What to do >>
Drop all pictures and repeat exactly the lines from the line holding "粕权和油权没按计划,114." through the end of the records.

-------------------------

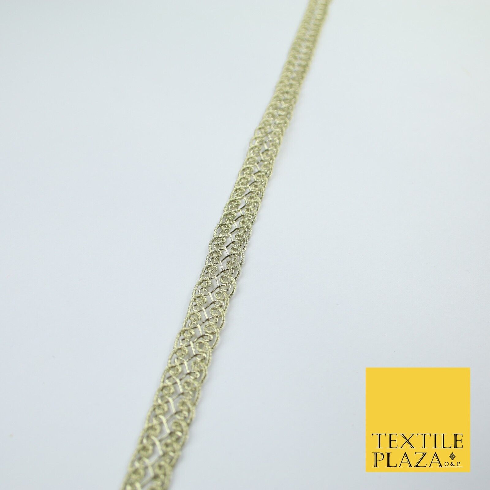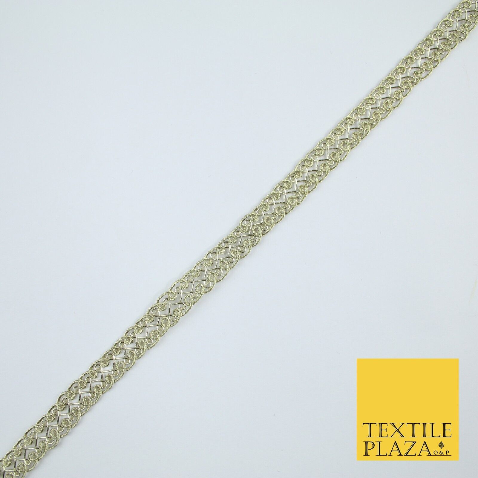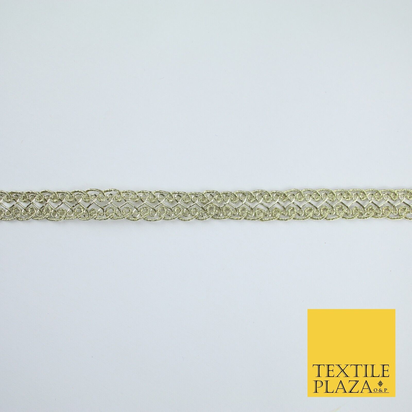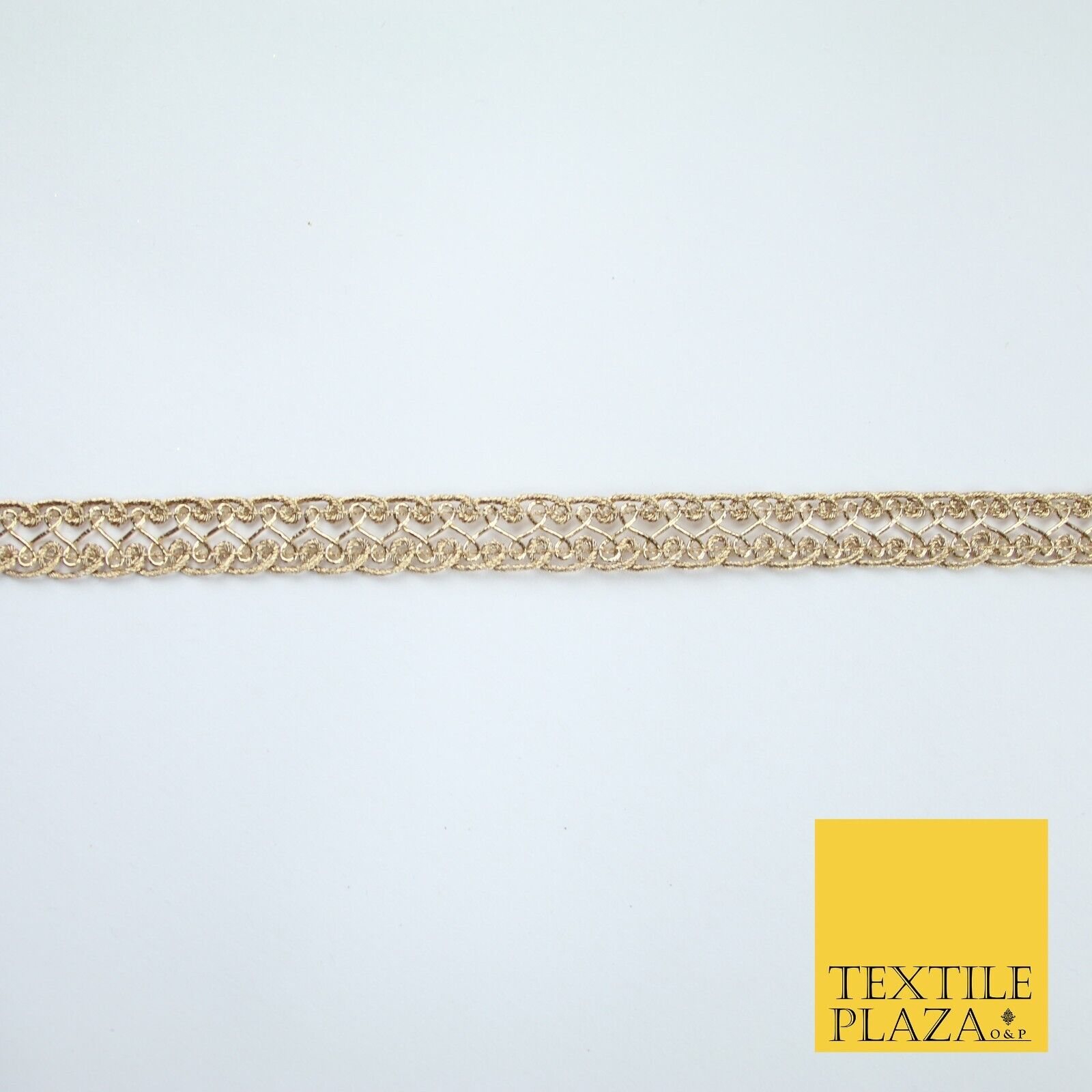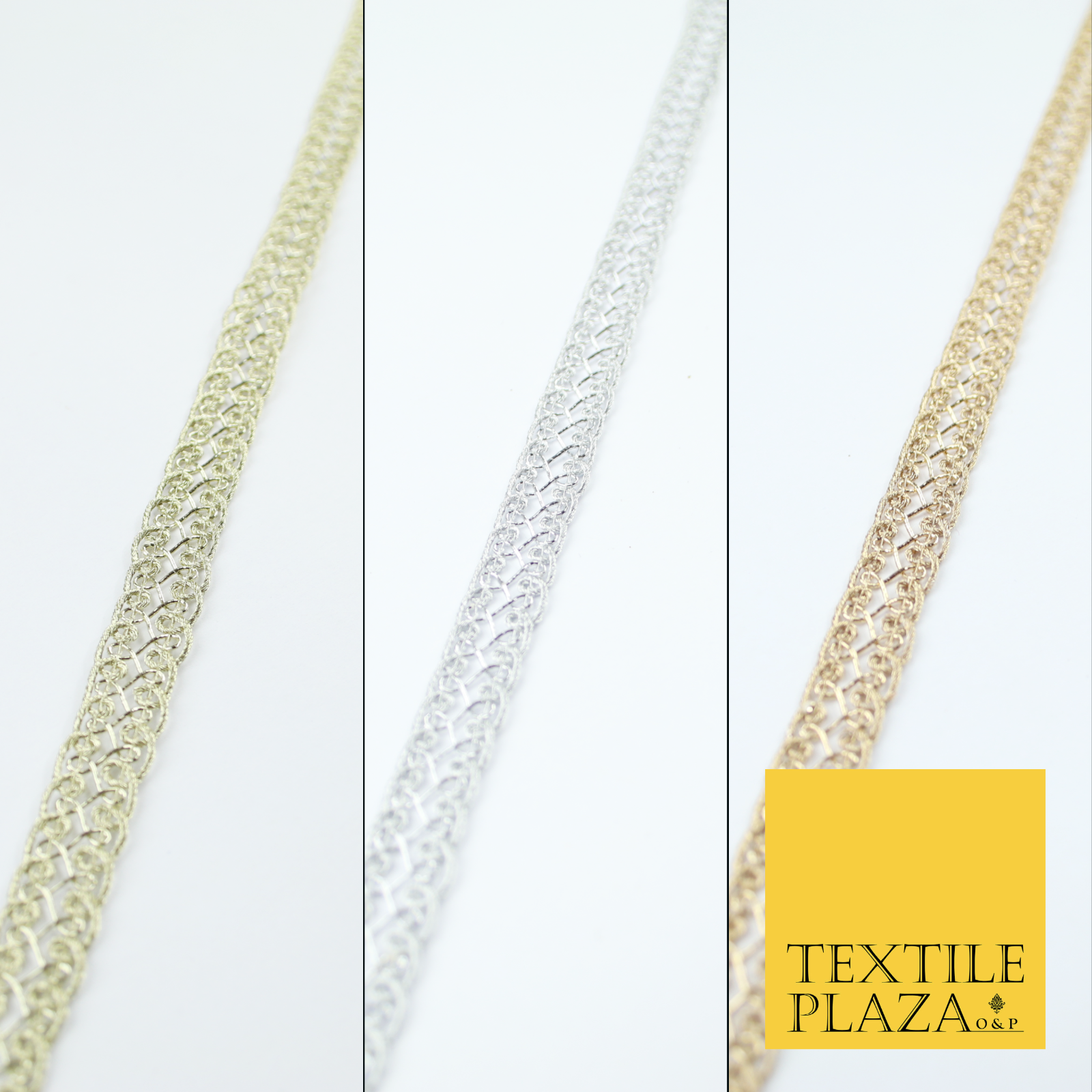 3 COLOURS - Fine Slim Ornate Plait Woven Metallic Trim Border Lace - 1cm Wide
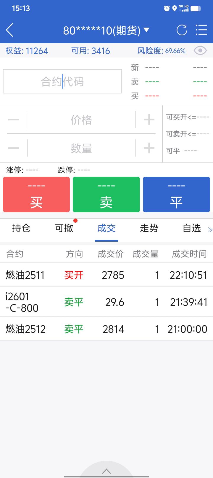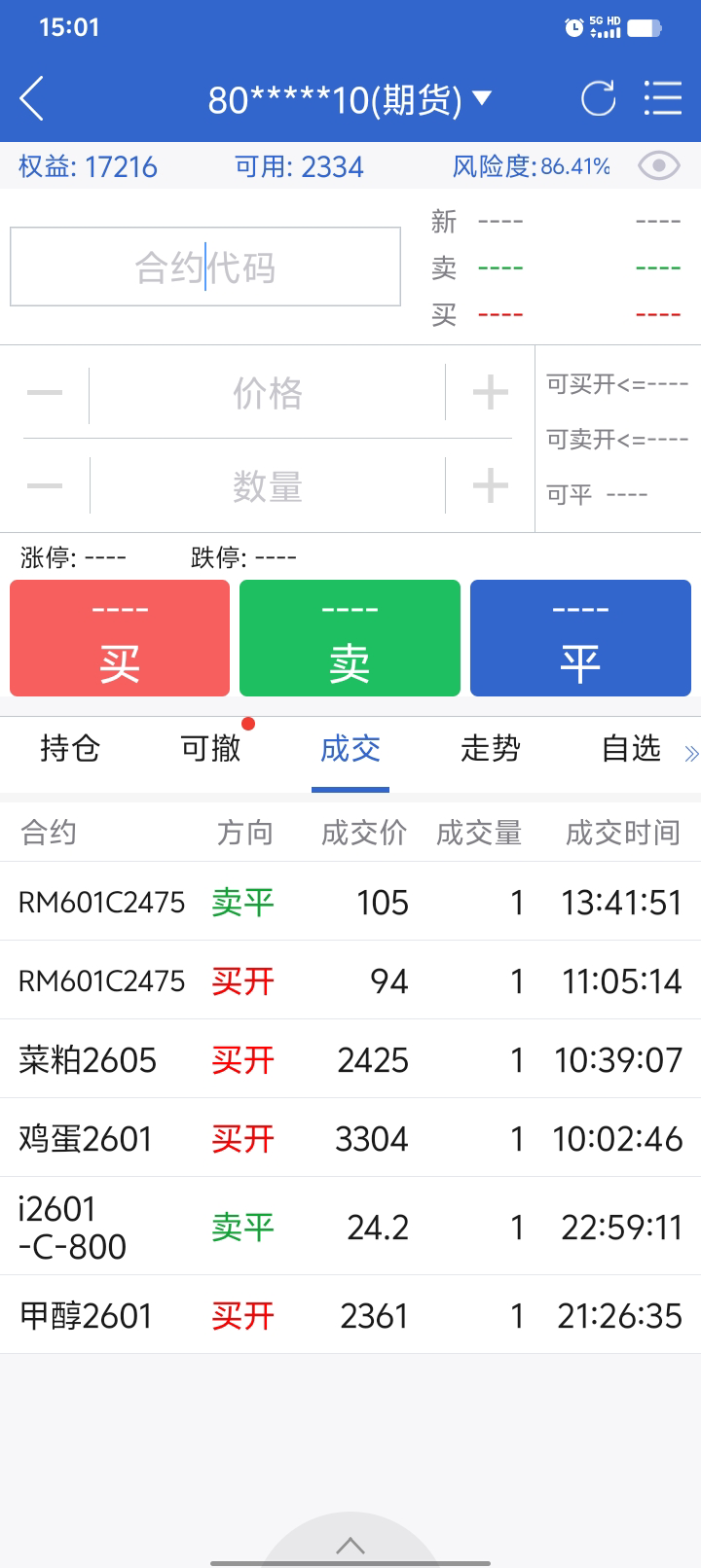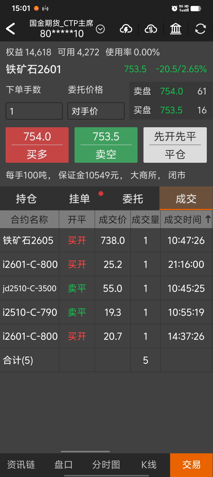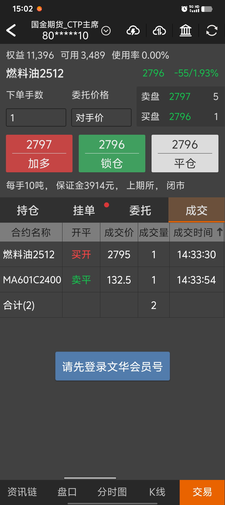 粕权和油权没按计划,114.5出粕权,平手。109.5进油权,120出,正100块。2772进fu12是乌龙,本来应该是挂2750,结果挂成2850。其他都是按计划,2797进fu12,33.6出铁权,正400块。后面暂时不进了,手续费还有30块,要是用其他的权和油,每次1块,还可以用30次,呵呵。
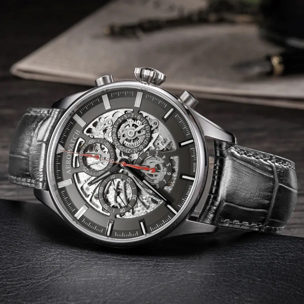 Aerowatch Les Grandes Classiques Chrono Skeleton Automatic Anthracite
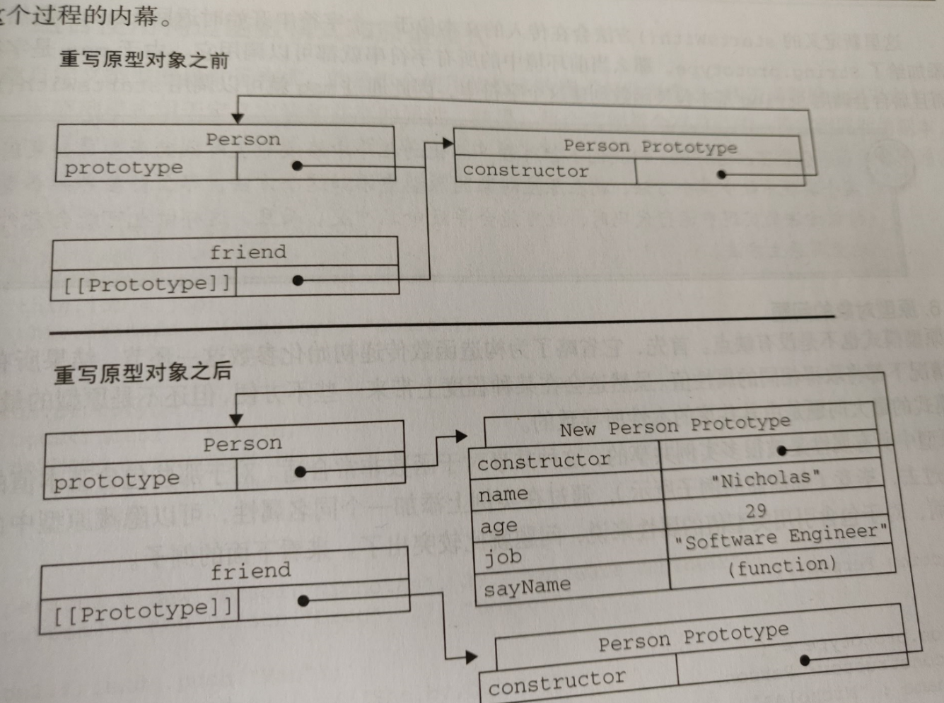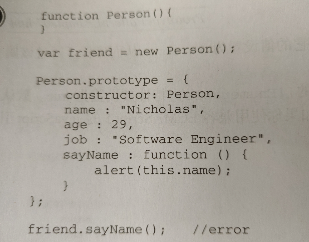 重写原型对象切断了现有原型与任何之前已经存在的对象实例之间的联系。因此要先设置原型 ,再声明实例
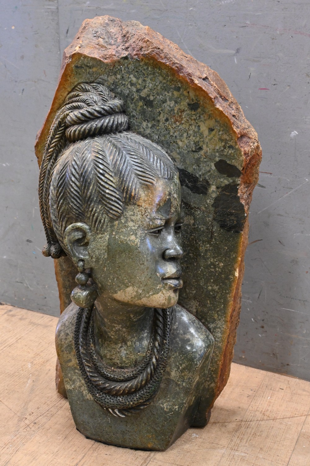 A HEAVY CARVED BELGIAN SOAPSTONE BUST FROM THE DEMOCRATIC REPUBLIC OF CONGO - SIGNS OF REPAIR (A/F) (74H X 40W X 23D CM) (PLEASE NOTE THIS HEAVY ITEM MUST BE REMOVED BY CLIENTS OR CARRIERS AT THE CUSTOMERS EXPENSE. LEONARD JOEL STAFF CANNOT ASSIST CARRYING THIS ITEM)
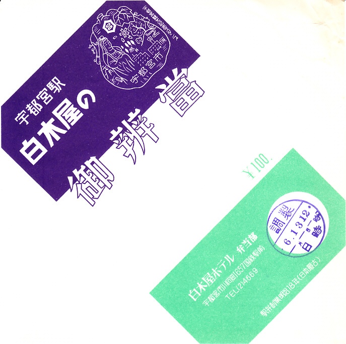 1963(昭和38)年6月13日12時の調製と思われる、昔の宇都宮駅弁の掛紙。これではまるで駅弁掛紙には見えなくても、宇都宮駅の駅弁屋であるしろきや(白木屋)と東北線弁当販売の連名ならば、宇都宮駅か東北本線の車内販売向けの掛紙だろう。

-------------------------

Exercise solution >>
 粕权和油权没按计划,114.5出粕权,平手。109.5进油权,120出,正100块。2772进fu12是乌龙,本来应该是挂2750,结果挂成2850。其他都是按计划,2797进fu12,33.6出铁权,正400块。后面暂时不进了,手续费还有30块,要是用其他的权和油,每次1块,还可以用30次,呵呵。
 Aerowatch Les Grandes Classiques Chrono Skeleton Automatic Anthracite
 重写原型对象切断了现有原型与任何之前已经存在的对象实例之间的联系。因此要先设置原型 ,再声明实例
 A HEAVY CARVED BELGIAN SOAPSTONE BUST FROM THE DEMOCRATIC REPUBLIC OF CONGO - SIGNS OF REPAIR (A/F) (74H X 40W X 23D CM) (PLEASE NOTE THIS HEAVY ITEM MUST BE REMOVED BY CLIENTS OR CARRIERS AT THE CUSTOMERS EXPENSE. LEONARD JOEL STAFF CANNOT ASSIST CARRYING THIS ITEM)
 1963(昭和38)年6月13日12時の調製と思われる、昔の宇都宮駅弁の掛紙。これではまるで駅弁掛紙には見えなくても、宇都宮駅の駅弁屋であるしろきや(白木屋)と東北線弁当販売の連名ならば、宇都宮駅か東北本線の車内販売向けの掛紙だろう。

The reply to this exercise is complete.